Within the frenetic tempo of Carly Israel’s memoir, there are letters of gratitude for things one would expect—doctors, family members—and some they would not—bullies, cruel teachers. These letters act as the sinew of the book, connecting vignettes; brief moments that echo the disjointed rhythm of two lives lived second to second. First: her own, growing up an addict. Then: her child’s, born with a rare, potentially fatal disease. Mother, child, and letters blend together into an unerring refrain: gratitude. As Israel says herself, she learned to “see gratitude in any situation,” even nearly dying, through self-reflection and pain.
The reflective tone of Israel’s writing, her use of metaphor, and the impressionistic nature of vignettes leave the book feeling flighty, sometimes vague, but this is often to the narrative’s favor, underpinning moments of confusion, helplessness, and self-destruction with the beauty and grace Israel has come to apply with her mantra of “gratitude.” The letters scattered throughout the book ground the loftier aspects of the narration, allowing Israel to round out a painful or joyous moment with a direct address. Though the letters can feel indulgent, they allow a sincerity of access that feels absent elsewhere. Even as Israel discusses the intimate details of her path to sobriety and the frantic search for a diagnosis for her child, there is the distant construction of the writing, the pieces of her life neatly organized for impact. The letters, however, offer a blunter lens. In these, Israel is clearest, both in what she reveals of herself and the addressee of the letter.

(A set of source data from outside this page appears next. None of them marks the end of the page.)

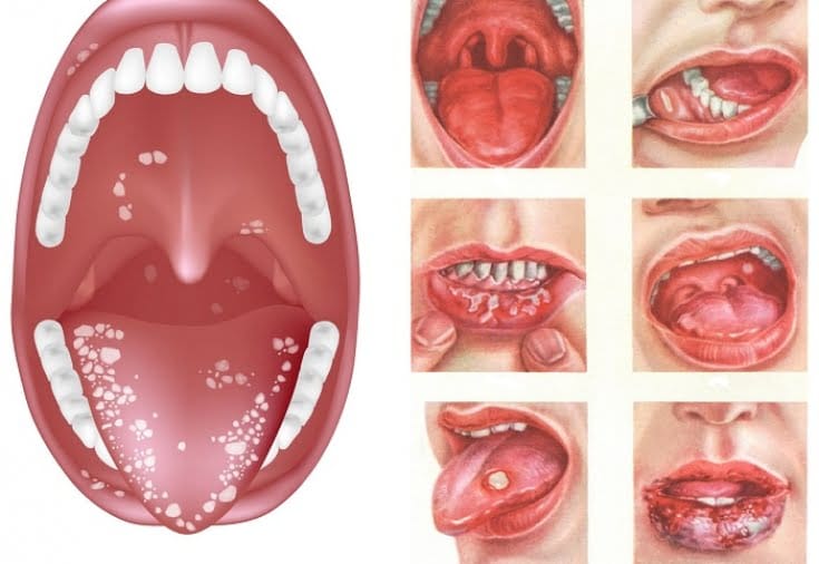 - 구강 내 발적, 궤양, 물집, 흰색 반점
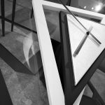 Elemento decorativo composto da tre triangoli agganciati con corpo centrale completo di orologio, pratico ed eccentrico da portare a spalla.
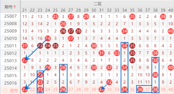 本期的21号数字是属于断斜连号码,可以防守一下21 23号数字同出的情况。上期开出了32号数字,本期我们防守一下走分边的情况,所以本期的31 33号数字我们要注意出一个号码的情况,其中的31号数字可以重点关注一下。本期的36 37号数字我们要注意出一个号码的情况,属于连号遗漏11期的号码落号情况,其中的36号数字我们可以重点关注一下出号情况。本期的38号数字是属于空一对称号码,可以防守一下出号情况。
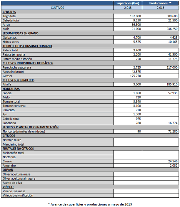 Avance de producciones y superficies agrícolas. Mayo 2013
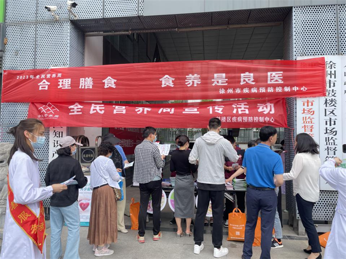 为贯彻落实《“健康江苏2030”规划纲要》和《江苏省国民营养计划实施方案2018-2030》,深入推进合理膳食行动,进一步提高我市居民营养健康素养和健康水平。5月18日,徐州市疾控中心联合鼓楼区疾控中心走进鼓楼区黄楼街道办事处共同开展了以“合理膳食 食养是良医”为传播主题,“健康中国 营养先行”为宣传口号的全民营养周宣传活动。
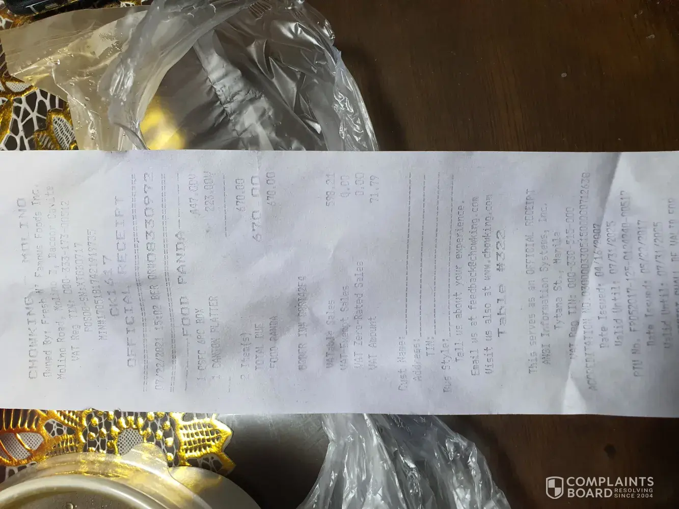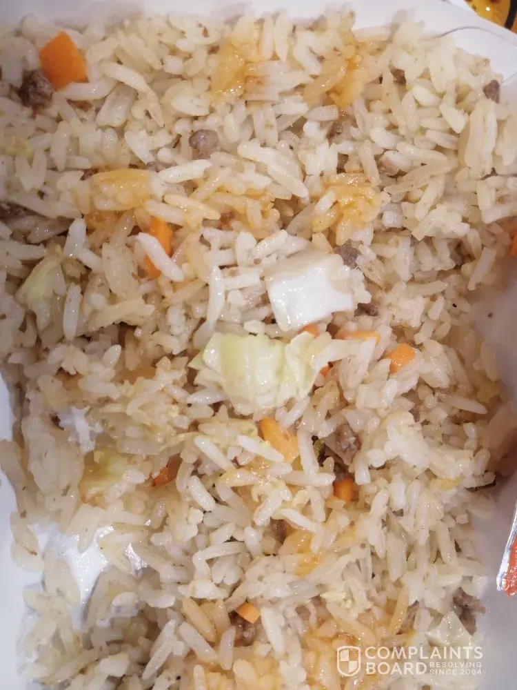 Bumili ako chaofan sa chowking Rob. Palapala July [protected]@0640 pm, nkauwi ako 0750 pm paguwi ko agad nming kakainin ung chaofan. Tpos sbi ng asawa ko pgsalin sa plato prang panid dhil mlgkit at pawis dhil pag nabili ako chaofan pagsinalin s Plato buhaghag. Sabi ko Hindi naman tpos binuklat nmin at may laway na dikit n ung kanin kya dna kinain. Kya ayun pkain nlng sa aso.
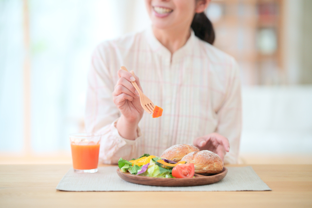 ・よく噛んでゆっくり食べる。

In one, Israel recounts her own humiliation at the hands of a former teacher. It is a few paragraphs at the end of a vignette built around Israel’s struggle with sobriety in high school, and desire to be wanted. She wallows in an unaffectionate relationship, only sober to please a boyfriend she has no interest in, and inevitably returns to drinking in favor of the emotional emptiness of feeling unloved. Then, a letter about feeling isolated and dehumanized in front of classmates, highlighting how power structures are blind to the complications of lived experiences, and how she built pedagogy in opposition to that. It is when the conceit of her memoir allows Israel to be both reflective and forward-thinking that the sincerity of her message is sharpest. These reflections are sometimes painful, or embarrassing, but they always bring a depth of nuance to the broader strokes of the vignettes.
I found myself wishing the titles of each section did more to bring depth or structure to the narrative. Some are straightforward, like “A Message that Changed Everything,” others vague, “The Chasm,” “Batman Page,” or trite, “Where Shit Meets Fan,” but they rarely play into each other, or iterate on previous themes to connect the narrative as a whole. Set against a memoir like Carmen Maria Machado’s “In The Dream House,” where form and function blend to create reflection upon reflected moment, “Seconds and Inches” can feel stilted. Each section leads along a sequential path through her life, but rarely interact past their thematic ties. However, the book’s interest is less in structural conceits, than its message of gratitude, and that is where much of its effort lies.
Gratitude underlies the entirety of Seconds and Inches, each bad choice, destructive spiral, tense hospital stay, buoyed by Israel’s desire to find chance at growth and promise for the future. There were times, given our current moment, with mass protests against police brutality, rampant disenfranchisement, and a pandemic, that I struggled to engage with the concept of gratitude. What, truly, could be found to be grateful for in these circumstances? But, I took a step back, returning to Israel’s own definition of that gratitude as an attempt “to let others know that they mattered, that their kindness made a difference.” This book is, at its core, an effort to be thankful for the grace of other people, the chance to learn, grow, and give back, even after a life full of mistakes. It is a powerful reminder of the need for faith in humanity, even in our darkest moments. To that end, Israel’s memoir is a necessary reflection on what it means to be grateful to the impact others have on our lives.